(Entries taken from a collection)
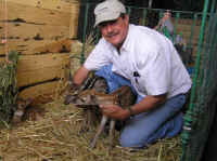 I have 6 adult deer, 4 females and 2 young bucks (with 2 newborn fawns) in a 10 acre, high fence enclosure. We keep them there because some of them were rescued as fawns when they were abandoned, and the others were found badly injured or trapped in a wire fence. I have been taking care of these animals myself and they have total confidence in me.
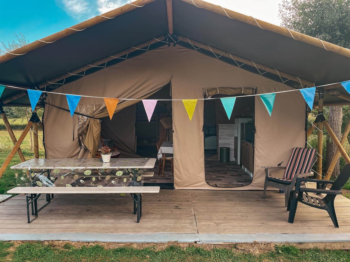 A really special and comfortable tent, for a very pleasant stay! Come to us to spend a quiet romantic time. Glamping La Fraventure is located just 7 minutes from Lac de Sidiailles. Swimming, tree climbing, giant zip lines, pedal boats, canoeing, hiking, climbing... Included: private dry toilet, private eco shower, wifi, shared kitchen and shared bathroom, trampoline, swimming pool On request: Breakfast at €10/pp (min 2 pers), cot, extra small matras, pasta, sometimes barbecue
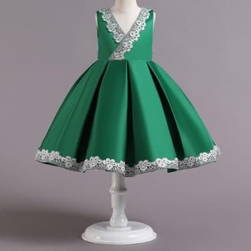 Green Sleeveless Applique Floral Solid...
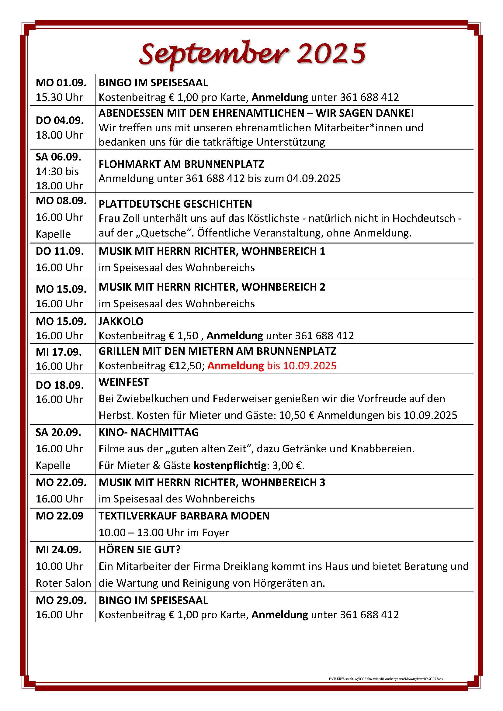 AUGUST TERMINE FÜR DIE BEWOHNER
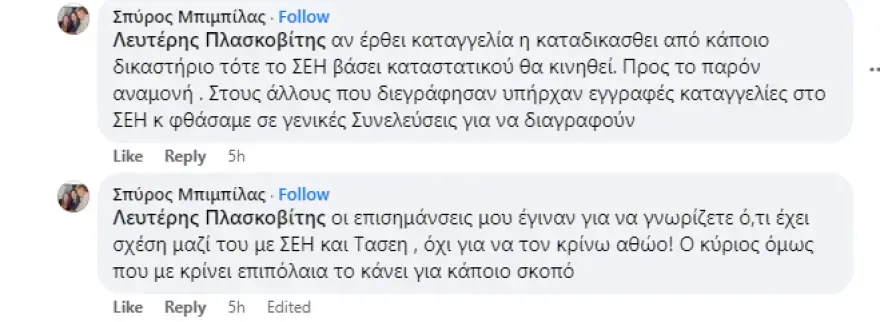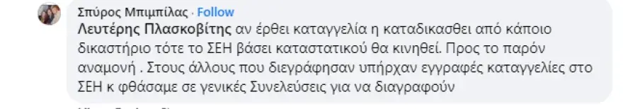 Απαντώντας εκ νέου στον Λευτέρη Πλασκοβίτη, ο Σπύρος Μπιμπίλας ανέφερε: «Αν έρθει καταγγελία η καταδικασθεί από κάποιο δικαστήριο τότε το ΣΕΗ βάσει καταστατικού θα κινηθεί. Προς το παρόν αναμονή. Στους άλλους που διεγράφησαν υπήρχαν εγγραφές καταγγελίες στο ΣΕΗ και φθάσαμε σε γενικές Συνελεύσεις για να διαγραφούν».
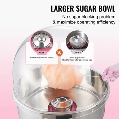 Work with Any Candy You Like: This cotton machine allows you to use the traditional flossing sugars, milk sugars, fruit cubes, or any of your favorite hard candies to make delicious cotton candies. With a compact size, it is suitable for countertop use, and it is perfect for carnivals, festivals, birthday parties, and sports events.
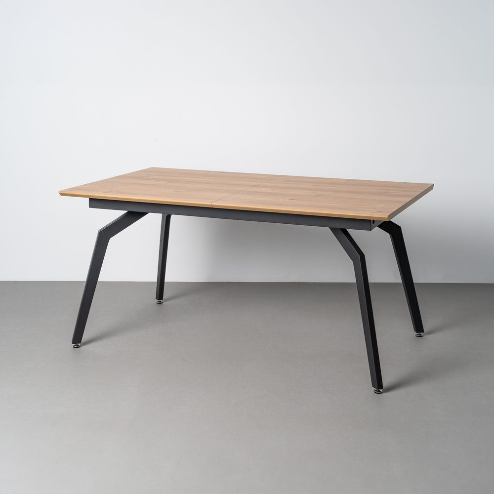 Masă extensibilă cu blat maro din mdf și structură metalică neagră din fier, potrivită pentru dining sau bucătărie amenajată în stil modern. Contrastul dintre blatul maro și baza metalică neagră oferă un aspect echilibrat și actual.
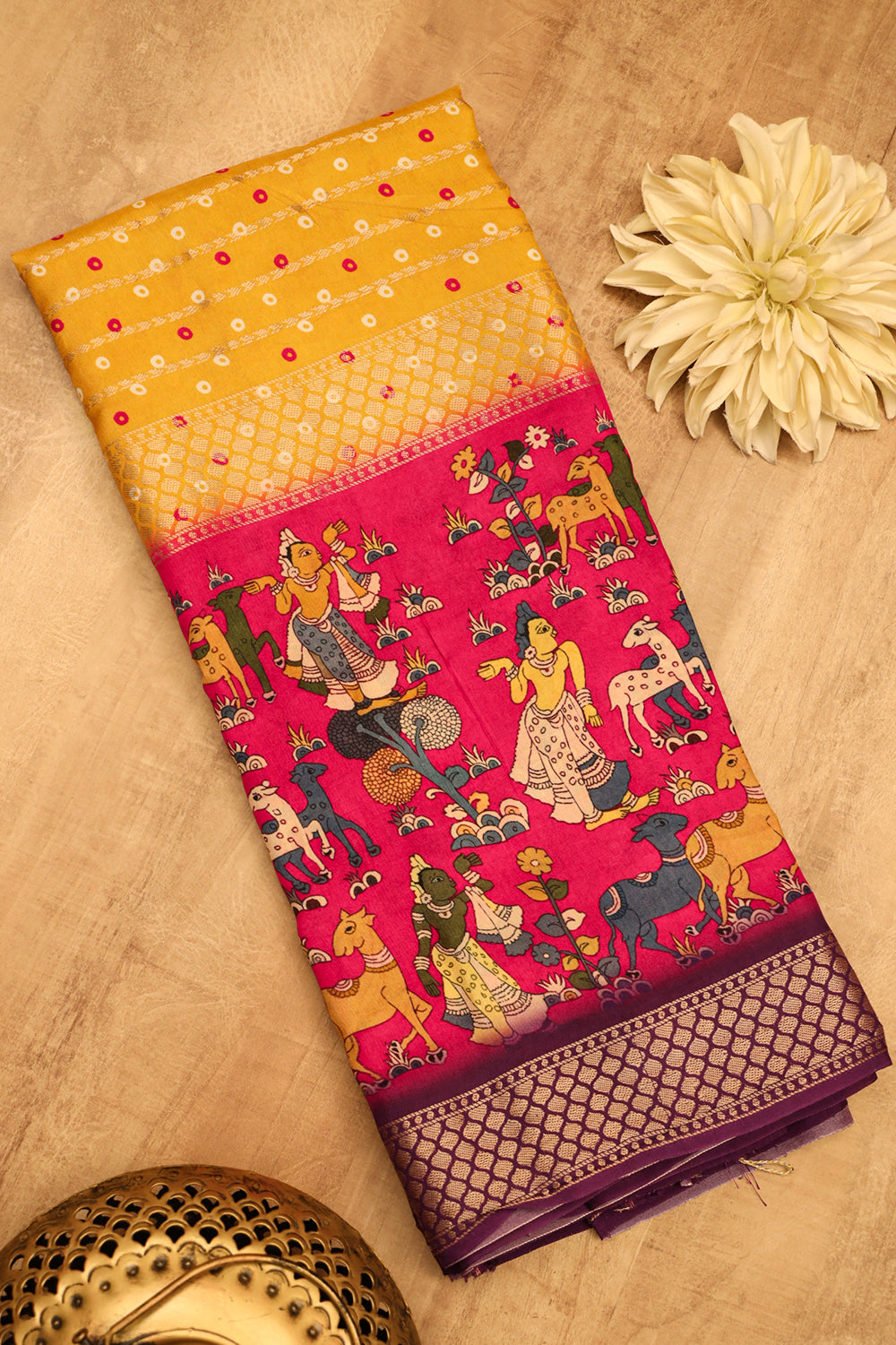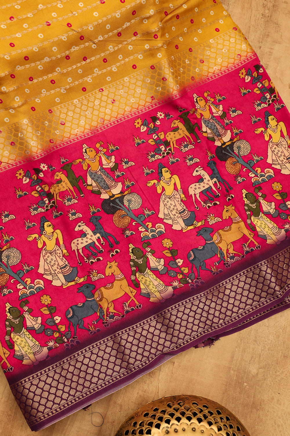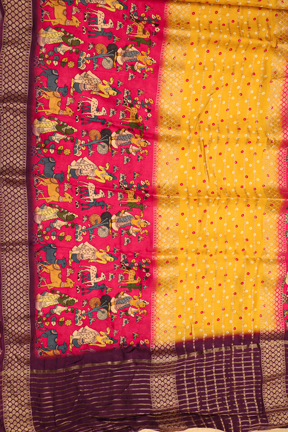 This exquisite Tussar silk saree showcases a captivating yellow hue throughout its body, embellished with vibrant multi-color Kalamkari designs. It's perfectly contrasted by a cheerful Magenta border. Unstitched blouse attached.
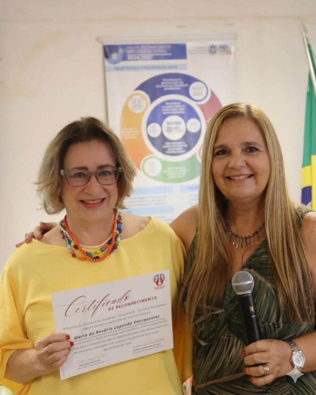 A homenagem foi conduzida pela atual presidente da ABO Pernambuco, Karla Júlia Marcelino, que ressaltou a relevância da contribuição de Maria do Rosário Lapenda para o desenvolvimento e a integração da rede de ouvidorias no Estado.
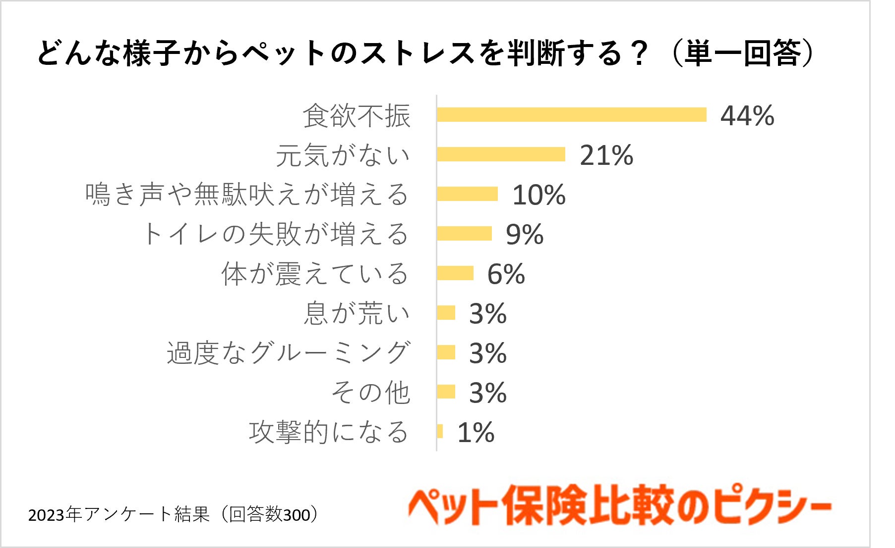 次に、どのような様子からペットのストレスを判断しているか聞いたところ、1位は「食欲不振(44%)」でした。
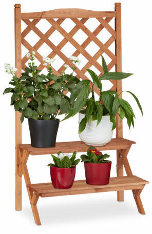 AMINA Fa Virágtartó és Rózsafuttató "L" 2 lépcsős fából készült virágtartó állvány Rácsos hátlap, amelyre akár futónövények is felfuttathatóak Teljes mérete: 109,5 x 61 x 40 cm (Ma x Szé x Mé) Virágtartó lépcső mérete: 60 x 20 cm (Szé x Mé) Maximális terhelhetősége: max. 40 kg Anyaga: Fenyő Súly: 2,8 kg
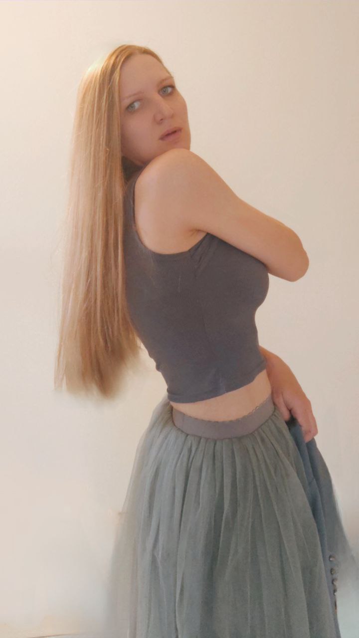 Ein Set aus dem blau-grauen Blazer mit Nieten, einem Top und einem Tüllrock aus Polyester
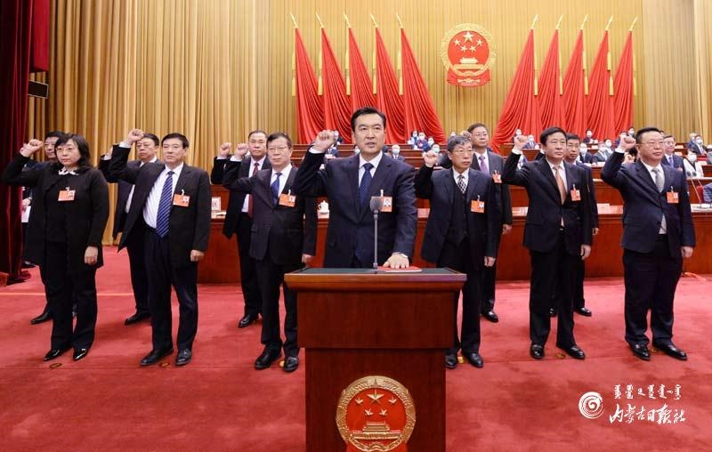 1月30日上午,內蒙古人民會堂國徽高懸,五星紅旗鮮艷奪目,自治區(qū)十三屆人大四次會議新當選人員憲法宣誓儀式在這里舉行。
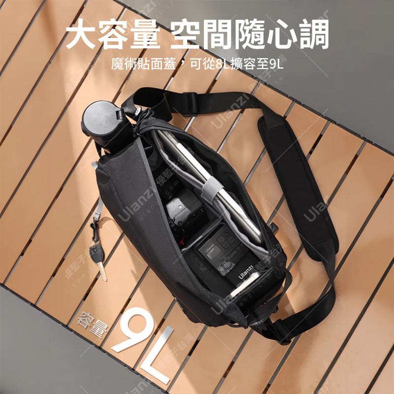 魔術貼面蓋,可從8L擴容至9L,可拆卸魔術貼隔板,按需自由調整包內空間,佈局由你來定
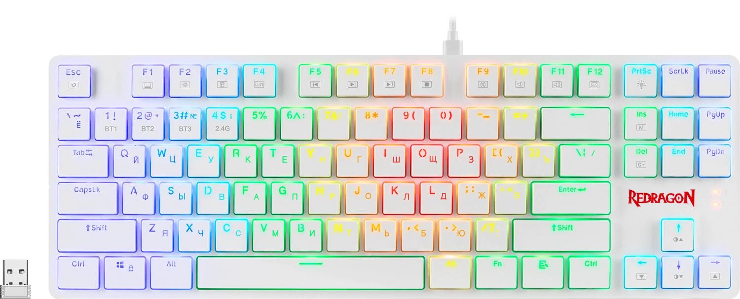 Игровая беспроводная клавиатура REDRAGON ANUBIS белая (USB, Bluetooth, 2.4G, OUTEMU BROWN, 87 кл ., RGB подсветка, 1900 мА)

▶ _What to work on_
Once the pictures are set aside, reproduce the records in full and exactly.

▶ _Task result_
 I have 6 adult deer, 4 females and 2 young bucks (with 2 newborn fawns) in a 10 acre, high fence enclosure. We keep them there because some of them were rescued as fawns when they were abandoned, and the others were found badly injured or trapped in a wire fence. I have been taking care of these animals myself and they have total confidence in me.
 A really special and comfortable tent, for a very pleasant stay! Come to us to spend a quiet romantic time. Glamping La Fraventure is located just 7 minutes from Lac de Sidiailles. Swimming, tree climbing, giant zip lines, pedal boats, canoeing, hiking, climbing... Included: private dry toilet, private eco shower, wifi, shared kitchen and shared bathroom, trampoline, swimming pool On request: Breakfast at €10/pp (min 2 pers), cot, extra small matras, pasta, sometimes barbecue
 Green Sleeveless Applique Floral Solid...
 AUGUST TERMINE FÜR DIE BEWOHNER
 Απαντώντας εκ νέου στον Λευτέρη Πλασκοβίτη, ο Σπύρος Μπιμπίλας ανέφερε: «Αν έρθει καταγγελία η καταδικασθεί από κάποιο δικαστήριο τότε το ΣΕΗ βάσει καταστατικού θα κινηθεί. Προς το παρόν αναμονή. Στους άλλους που διεγράφησαν υπήρχαν εγγραφές καταγγελίες στο ΣΕΗ και φθάσαμε σε γενικές Συνελεύσεις για να διαγραφούν».
 Work with Any Candy You Like: This cotton machine allows you to use the traditional flossing sugars, milk sugars, fruit cubes, or any of your favorite hard candies to make delicious cotton candies. With a compact size, it is suitable for countertop use, and it is perfect for carnivals, festivals, birthday parties, and sports events.
 Masă extensibilă cu blat maro din mdf și structură metalică neagră din fier, potrivită pentru dining sau bucătărie amenajată în stil modern. Contrastul dintre blatul maro și baza metalică neagră oferă un aspect echilibrat și actual.
 This exquisite Tussar silk saree showcases a captivating yellow hue throughout its body, embellished with vibrant multi-color Kalamkari designs. It's perfectly contrasted by a cheerful Magenta border. Unstitched blouse attached.
 A homenagem foi conduzida pela atual presidente da ABO Pernambuco, Karla Júlia Marcelino, que ressaltou a relevância da contribuição de Maria do Rosário Lapenda para o desenvolvimento e a integração da rede de ouvidorias no Estado.
 次に、どのような様子からペットのストレスを判断しているか聞いたところ、1位は「食欲不振(44%)」でした。
 AMINA Fa Virágtartó és Rózsafuttató "L" 2 lépcsős fából készült virágtartó állvány Rácsos hátlap, amelyre akár futónövények is felfuttathatóak Teljes mérete: 109,5 x 61 x 40 cm (Ma x Szé x Mé) Virágtartó lépcső mérete: 60 x 20 cm (Szé x Mé) Maximális terhelhetősége: max. 40 kg Anyaga: Fenyő Súly: 2,8 kg
 Ein Set aus dem blau-grauen Blazer mit Nieten, einem Top und einem Tüllrock aus Polyester
 1月30日上午,內蒙古人民會堂國徽高懸,五星紅旗鮮艷奪目,自治區(qū)十三屆人大四次會議新當選人員憲法宣誓儀式在這里舉行。
 魔術貼面蓋,可從8L擴容至9L,可拆卸魔術貼隔板,按需自由調整包內空間,佈局由你來定
 Игровая беспроводная клавиатура REDRAGON ANUBIS белая (USB, Bluetooth, 2.4G, OUTEMU BROWN, 87 кл ., RGB подсветка, 1900 мА)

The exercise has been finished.